Many of these tunings have a foot in conventional 20th century harmony, especially the Scriabin school, with those whole-tone and octatonic scales dominating; this gives us a point of refence, at least. And what sounds they are! Queasy, spacetime-continuum-bending intervals and modulations that seem to pass through other dimensions; weird, alien, outer-space stuff that in the 1920s would have seemed like the background music to an H G Wells novel. Or -- better -- an H G Wells movie, a medium for the future rather than the past:

This is about all I got out of my reading of Wyshnegradsky's book. It's short and quite concerned with quarter-tone extensions of tonal harmony, which is only tangentially interesting to me. But it's also just a bit thin because (like the posts I do here) it's theory-before-practice: it's an attempt to lay out some things that might turn out to be interesting. But quarter-tone music never took off as a musical practice, so those things didn't get worked out and expanded. Maybe in the future that will happen; you have people like Adam Neely and Joseph Collier starting to popularize microtones in tonal contexts now so who knows?

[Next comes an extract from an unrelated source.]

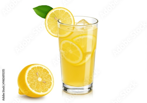Refreshing lemonade in glass with lemon slices and a half lemon on white background

My own sense of alternative tunings is that they're like parallel universes you can step into, like a dream or an acid trip: you put your hands down in familiar places but what they touch is transformed and liable to behave unexpectedly. Once I've found some interesting tunings I'd rather not build a great edifice of theory on top of them; I like the mystery.

If you like this approach too, I can highly recommend listening to the pioneers (and perhaps only practitioners) of quarter-tone music as a way to get your ears tuned up to what these tunings can do. I might put together some listening suggestions in a separate post.